Haben Sie selbst Anfeindungen erlebt?

Es gab böse Texte in der Süddeutschen und im BR. Ich fand schon erstaunlich, was Journalisten aus der Wirklichkeit machen können, wenn sie mein Leben und meine Arbeit durch die Brille ihrer Mission sehen. Man kann das zwar alles theoretisch erforschen, richtig klar ist mir das aber erst geworden, als es mich selbst betroffen hat.

Und privat?

Da ist es wahrscheinlich wie bei allen. Manche Freunde sind fort, aber dafür sind neue dazugekommen.

Warum wagen Sie sich aus der Deckung und kritisieren den Journalismus öffentlich?
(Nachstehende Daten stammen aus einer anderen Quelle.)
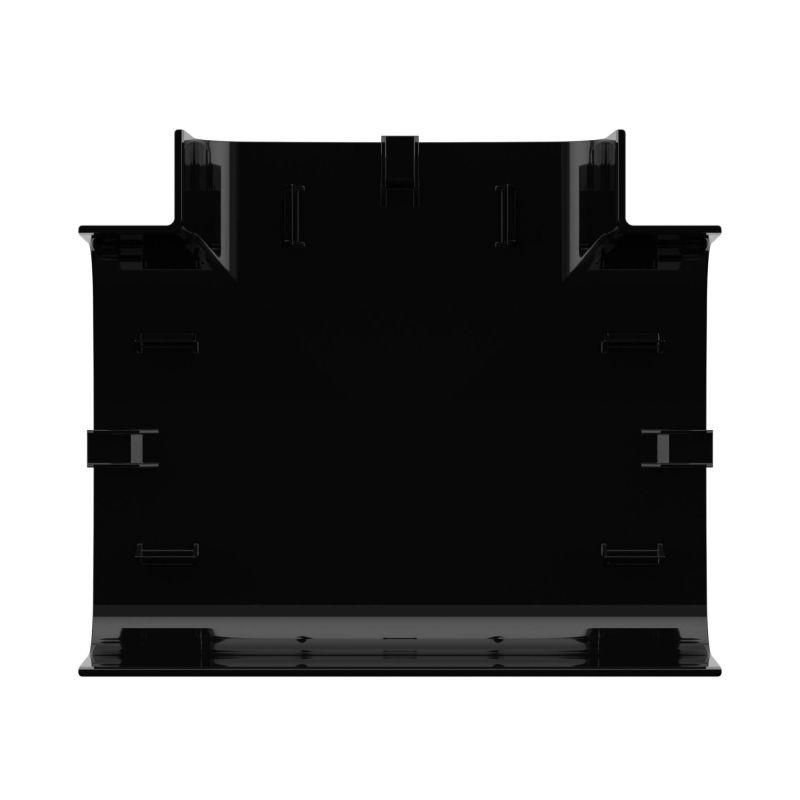 Тройник (Т-образный отвод). Назначение: декоративное оформление мест Т-образного соединения кабельных коробов. Характеристики: материал накладки – АБС-пластик; материал базы и разделителей – ПП. Комплект поставки: внешняя декоративная накладка; внутренняя база с разделителем. Типоразмер 110х50. Цвет черный
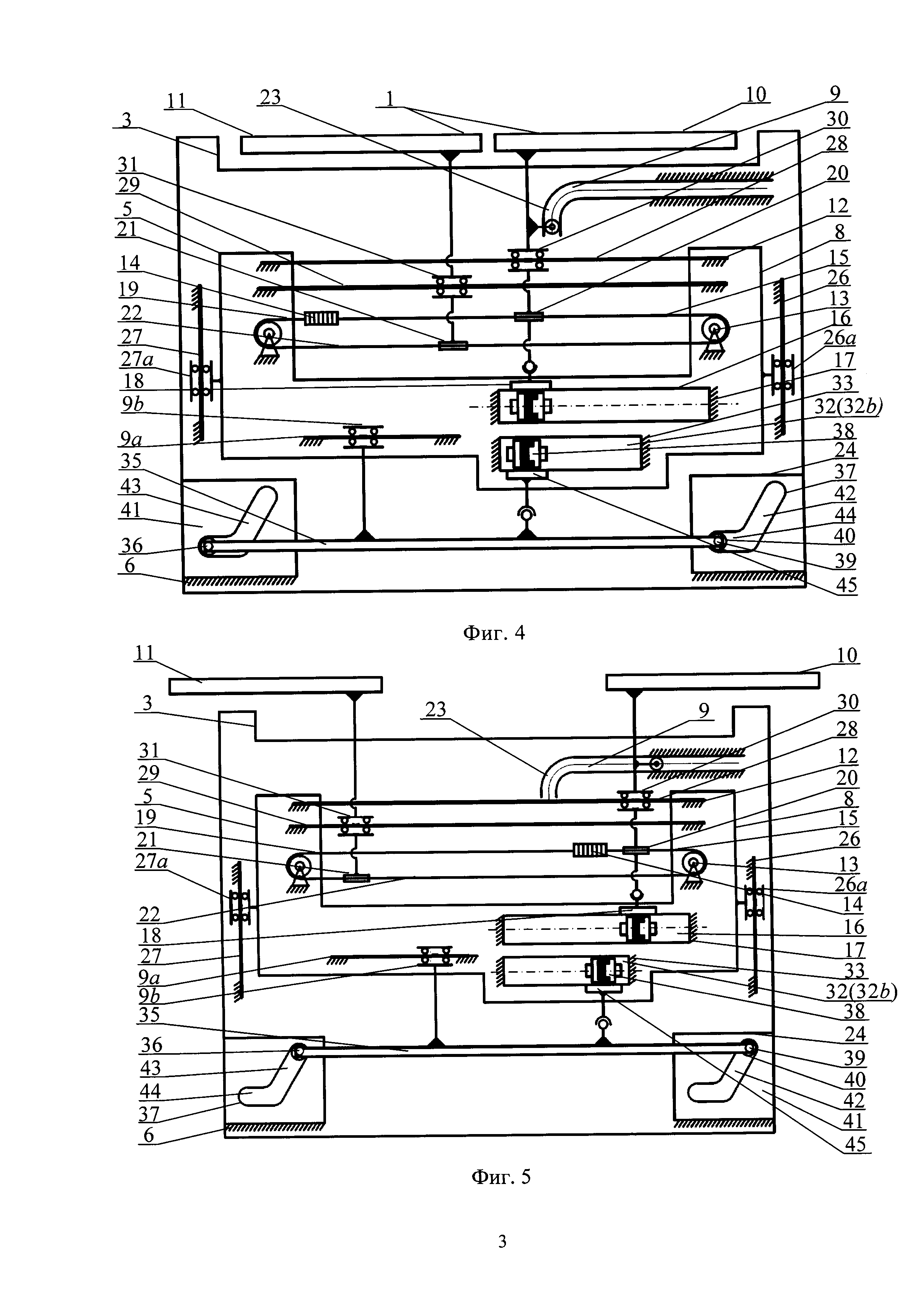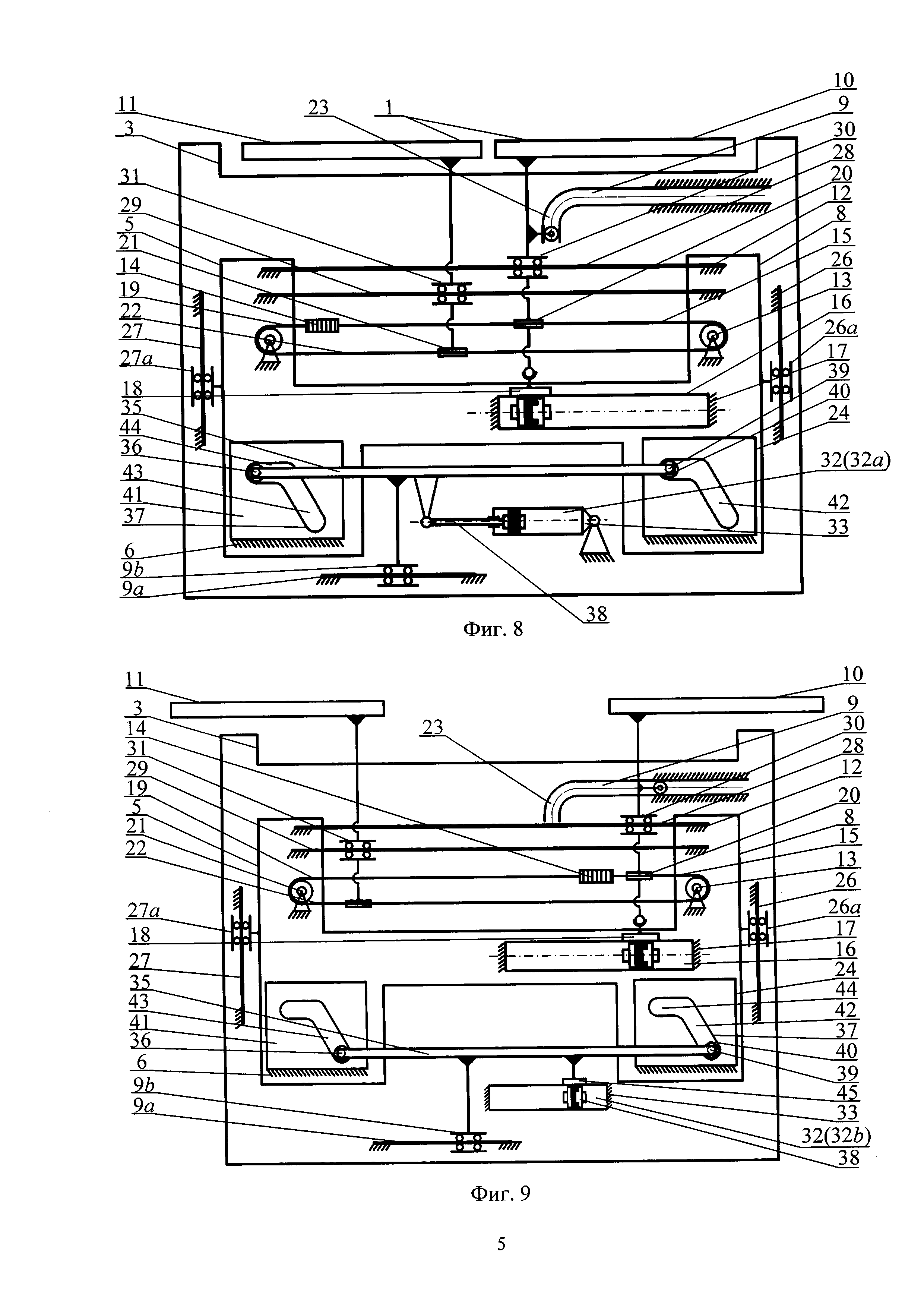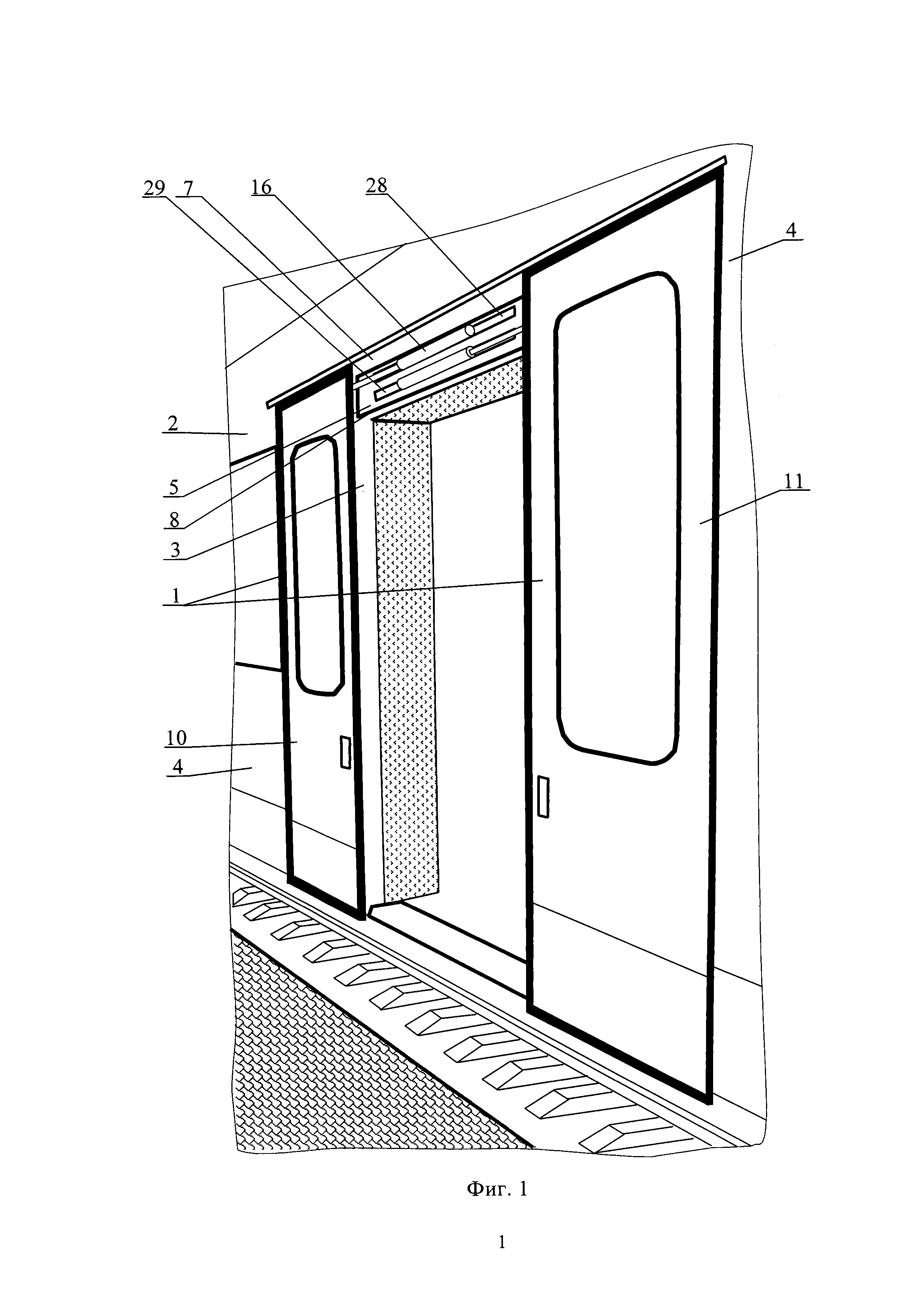 Изобретение относится к приводу дверей транспортных средств, в частности, к устройству привода прислонно-сдвижной двери пассажирского вагона. Известен механизм пневматического привода дверей транспортного средства (патент RU №2242377 от 21.11.2001 г.), содержащий: силовой блок с неподвижным основанием блока, закрепленным на верхней балке дверного проема, и подвижным блоком, имеющим Г-образные направляющие для движения прислонно-сдвижной двери, состоящей из двух створок, механизм привода открытия-закрытия створок двери, состоящий из установленной на подвижном блоке бесконечной цепной передачи с механизмом натяжения цепи, пневматического цилиндра привода цепи, неподвижная часть которого закреплена на подвижном блоке, а подвижная часть жестко соединена с одной из ветвей цепи, две каретки, закрепленные на створках двери, жестко соединенные с верхней и нижней ветвями цепи, средство блокировки движения створок двери в их закрытом положении, механизм выдвижения подвижного блока относительно основания блока, закрепленные на основании направляющие для выдвижения подвижного блока относительно основания блока в направлении, перпендикулярном направляющим дверей и ползуны, установленные в направляющих, закрепленных на подвижном блоке. Недостаток конструкции данного устройства пневматического привода - в низкой надежности вследствие совмещения привода выдвижения подвижного блока из проема и открытия створок двери с помощью одного и того же цилиндра, а также в необходимости иметь двойную ременную или цепную передачу. Техническая задача, решаемая изобретением, - повышение надежности устройства пневматического привода прислонно-сдвижной двери пассажирского вагона. Техническая задача решена в устройстве пневматического привода прислонно-сдвижной двери пассажирского вагона с дверным проемом в боковой стенке, имеющем: силовой блок с неподвижным основанием блока, закрепленным на верхней балке дверного проема, и подвижным блоком, имеющим Г-образные направляющие для движения прислонно-сдвижной двери, состоящей из двух створок, механизм привода открытия-закрытия створок двери, состоящий из установленной на подвижном блоке бесконечной цепной передачи с механизмом натяжения цепи, и пневматического цилиндра привода цепи, неподвижная часть которого закреплена на подвижном блоке, а подвижная часть жестко соединена с одной из ветвей цепи, и верхней и нижней кареток, одна из которых закреплена на верхней, а другая - на нижней ветвях цепи, жестко соединенных с левой и правой створками двери, средство блокировки движения створок двери в их закрытом положении, механизм выдвижения подвижного блока относительно основания блока, имеющий клиновое исполнительное устройство; механизм синхронизации положения верха и низа створок двери при выдвижении подвижного блока; закрепленные на основании блока направляющие выдвижения подвижного блока с ползунами относительно основания блока в направлении, перпендикулярном прямолинейным направляющим створок двери; установленные на направляющих выдвижения подвижного блока ползуны, закрепленные на подвижном блоке, при этом механизм выдвижения подвижного блока состоит из пневмоцилиндра, корпус которого установлен параллельно плоскости створок двери; подвижная часть пневмоцилиндра соединен
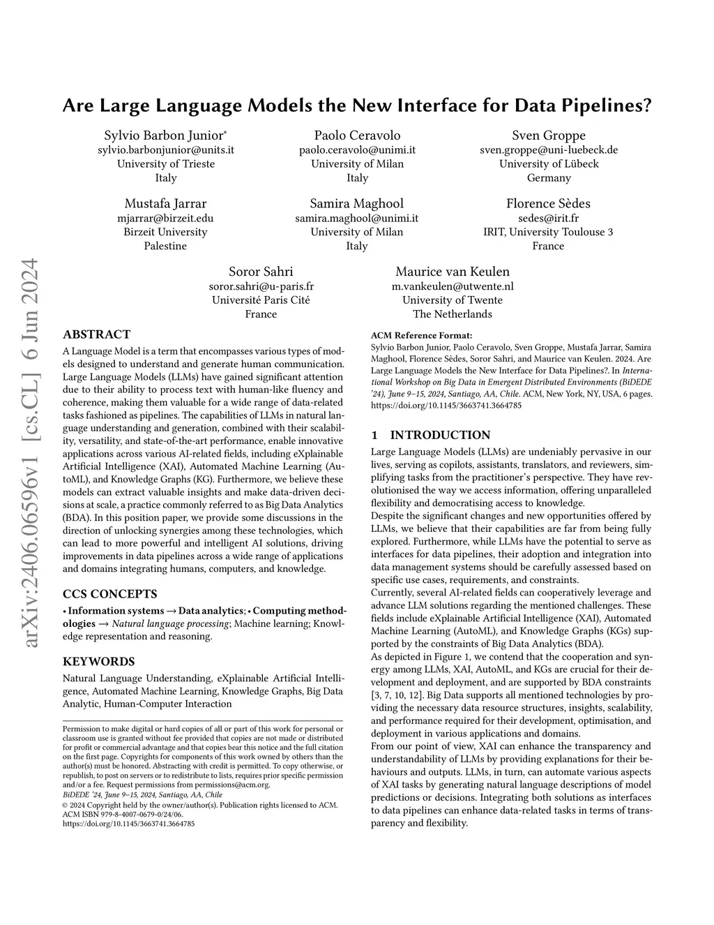 A Language Model is a term that encompasses various types of models designed to understand and generate human communication. Large Language Models (LLMs) have gained significant attention due to their ability to process text with human-like fluency and coherence, making them valuable for a wide range of data-related tasks fashioned as pipelines. The capabilities of LLMs in natural language understanding and generation, combined with their scalability, versatility, and state-of-the-art performance, enable innovative applications across various AI-related fields, including eXplainable Artificial Intelligence (XAI), Automated Machine Learning (AutoML), and Knowledge Graphs (KG). Furthermore, we believe these models can extract valuable insights and make data-driven decisions at scale, a practice commonly referred to as Big Data Analytics (BDA). In this position paper, we provide some discussions in the direction of unlocking synergies among these technologies, which can lead to more powerful and intelligent AI solutions, driving improvements in data pipelines across a wide range of applications and domains integrating humans, computers, and knowledge.
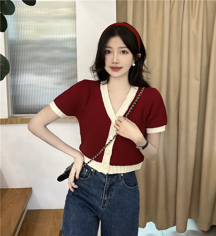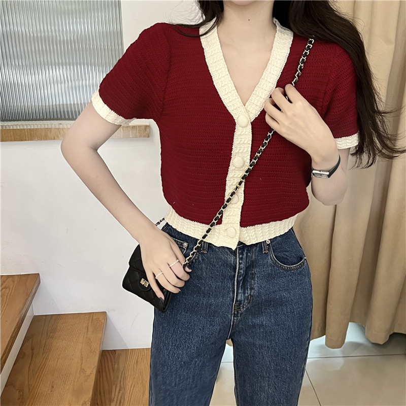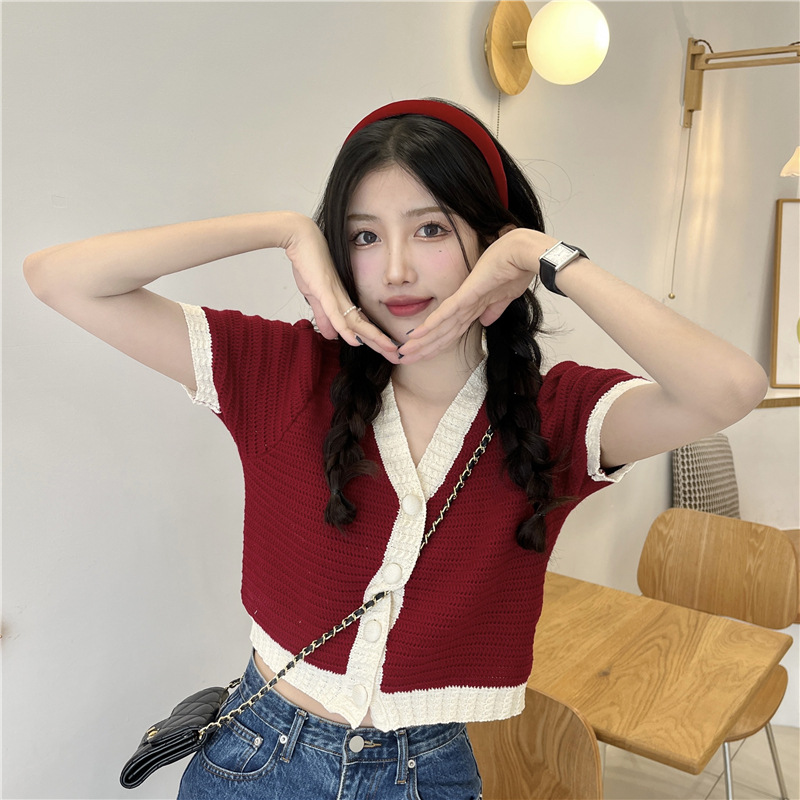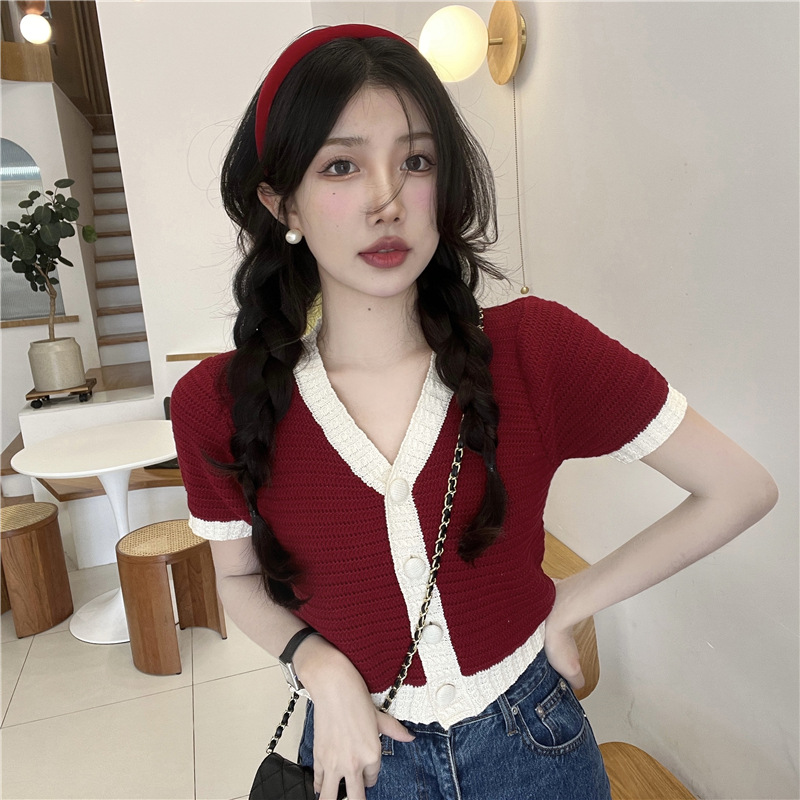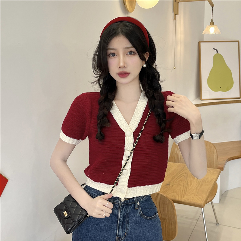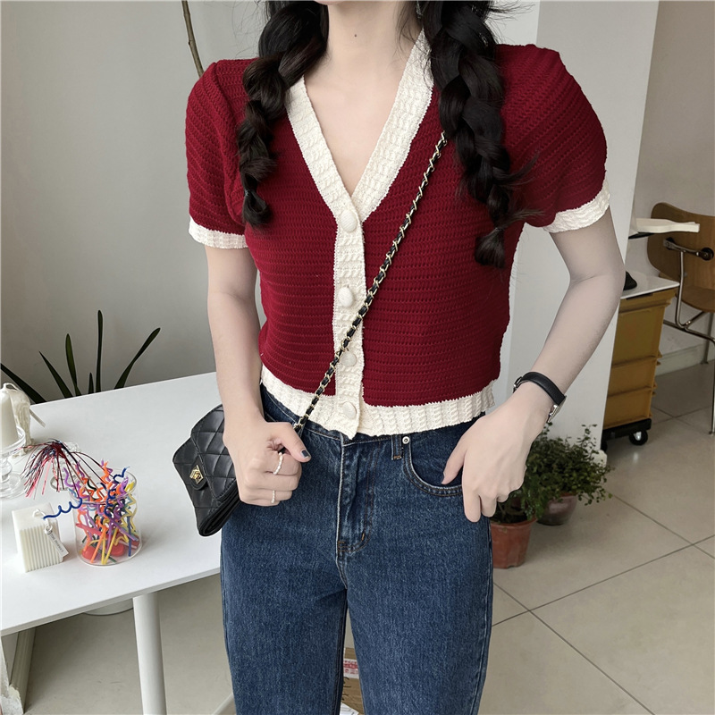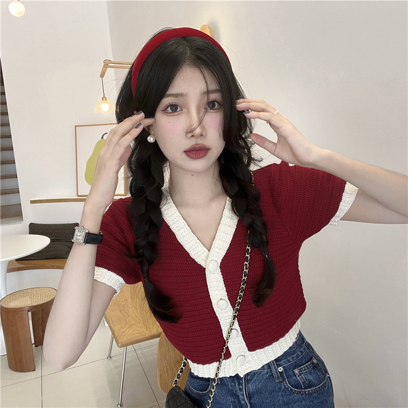 프렌치 스위트 샤넬 스타일 반팔 스웨터 여성용 여름 코트 카디건 틈새 젠틀 한국 쇼트 탑

Ich habe in der DDR erlebt, was aus einer Gesellschaft wird, wenn die Kommunikation blockiert ist, und den 89er Herbst dann als Befreiung erfahren. Das Versprechen hieß publizistische Vielfalt. Daran messe ich die Leitmedien seitdem.

Wie kommt Deutschland wieder raus aus Angst und Spaltung?

Indem wir miteinander reden und den anderen zuhören. Der Journalismus kann dafür den Ton setzen.

Nehmen Sie aus der aktuellen Krise irgendetwas Positives mit?

Die vielen Menschen, die ich kennenlernen durfte. Thomas Dietz zum Beispiel. Ich wäre nie auf die Idee gekommen, in eine Kirche in der Uckermark zu kommen. Jetzt bin ich dankbar, dass ich das erleben darf.